Running functional enrichment (ORA/GSEA)
Let’s head to the website WebGestalt.
Run ORA
Click “Click to upload” next to “Upload ID List”.
Upload geneids_sig.txt
.
For the reference set, select “genome protein-coding”.
In advanced parameters, switch from top 10 to FDR 0.05.
Let’s look at the results!
Let’s scroll down and click on “response to oxygen levels”, as this seems pretty relevant for an airway dataset.
We can scroll through and look at the genes that are in this gene set, that are differentially expressed.
Run GSEA.
Let’s move on to running gene set enrichment analysis (GSEA).
For the tab at the top, switch to “Gene Set Enrichment Analysis”.
Switch back the functional database to the same as before (geneontology, Biological Process noRedundant).
This time, upload gsea_input_corrected_minus_NA.txt
.
Also reset the advanced parameters to select based on FDR of 0.05 rather than the top 10 again.
We get the following error message.
Turns out, this is as simple as renaming the file!
Let’s change the file suffix to “.rnk” instead of “.txt” (rename the file).
Below is shown how to do this using Mac’s Finder program - you can do this however you would normally for your system.
Now, go back and redo all of the above, but input gsea_input_corrected_minus_NA.rnk.
This time it should work, and output something like the following:
Hm - fewer categories than we might have expected?
Let’s redo, but change functional database to pathway
= Kegg
.
Click on autophagy.
Nice!
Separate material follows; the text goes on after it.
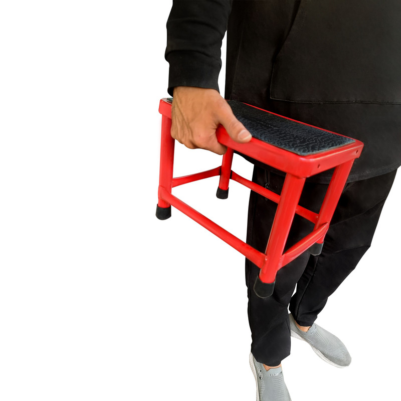 این چهارپایه فلزی که از رنگ با کیفیت ساخته شده است با جوش co که در مقایسه با دیگر روشهای اتصال قطعات چند برابر قوی تر است.در قسمت زیرین چهارپایه پلاستیکهای قوی قرار داده شده است تا تعادل نردبان راحفظ کند.بر روی قسمت نشیمنگاه ،پلاستیک فشرده شده قرار دارد تا برای نشتن طولانی مدت احساس خستگی به استفاده کننده از آن دست ندهد.کف این چهارپایه پهن است(20×30 سانتی متر) وارتفاع آن 30 سانتی متر است و به دلیل استحکام فوق العاده بالای آن میتوان از آن به عنوان نردبان نیز استفاده کرد.تعادل این چهارپایه بسیار بالا میباشد و میتوان به راحتی بر رون آن ایستاد.

For this test we also get a value that gives the relative magnitude of change (here, all the categories seem to be ones associated with genes upregulated upon treatment).
Key Points
Normalization is necessary to account for different library sizes between samples.
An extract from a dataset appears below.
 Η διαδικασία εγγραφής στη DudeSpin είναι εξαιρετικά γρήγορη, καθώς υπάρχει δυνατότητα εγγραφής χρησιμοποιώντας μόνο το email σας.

Dimensional reduction (PCA) can help us understand the relationship between samples, and how it tracks with biological and technical variables.
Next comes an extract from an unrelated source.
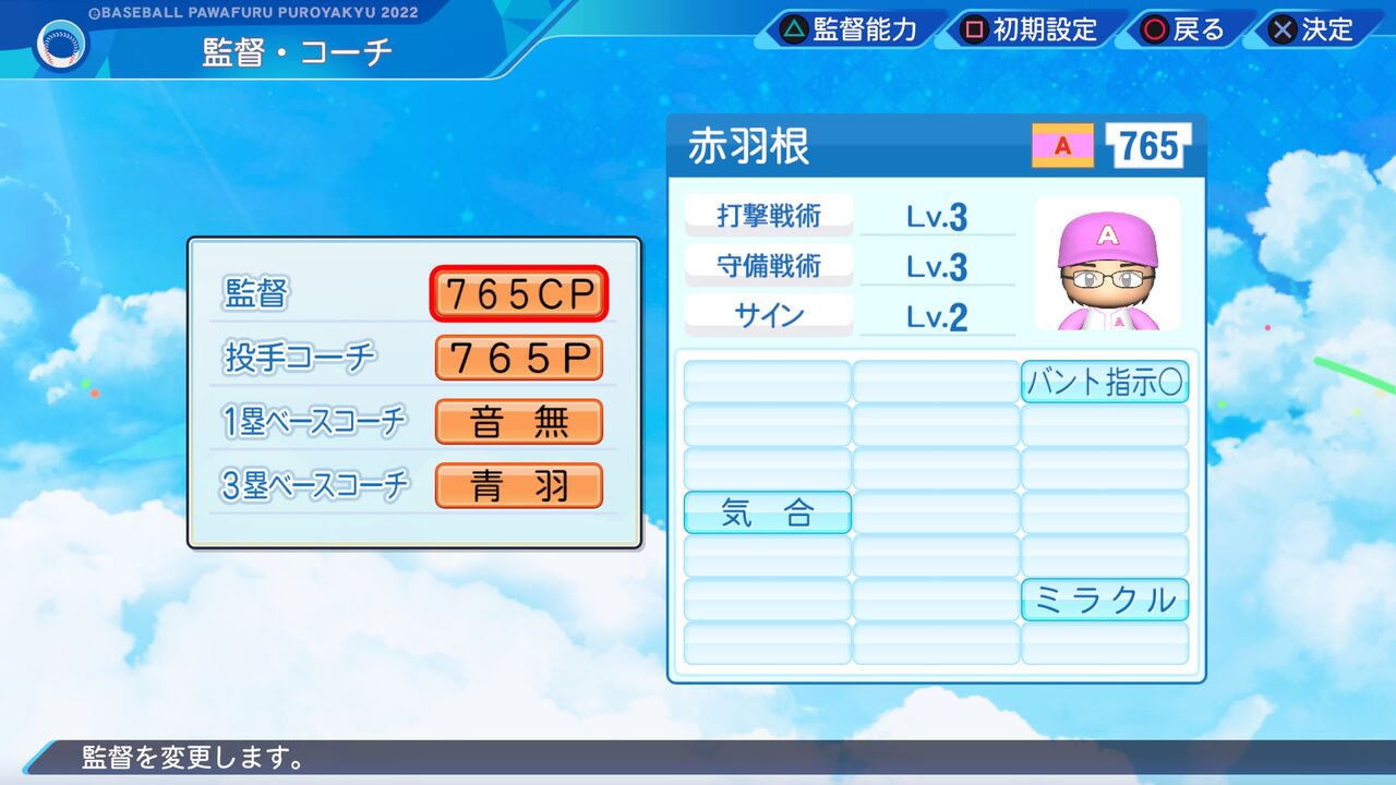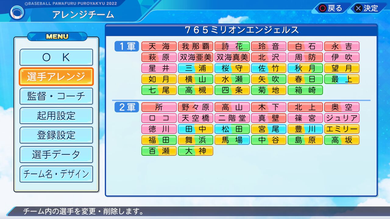 監督、コーチは2022年度版から変更があり、投手コーチはアニメ版ミリオンライブのプロデューサーに変更しました。

We often want to include technical variables in the design formula, so that the differential expression comparison may include controlling for these as we solve for the effect of the biological variable.
Heatmaps are a useful visualization for understanding differential expression results, but must often be scaled by gene to become interpretable.
ORA and GSEA accept very different inputs (only DE genes versus all genes), and their outputs may be different as well as a result (though often they include similar categories).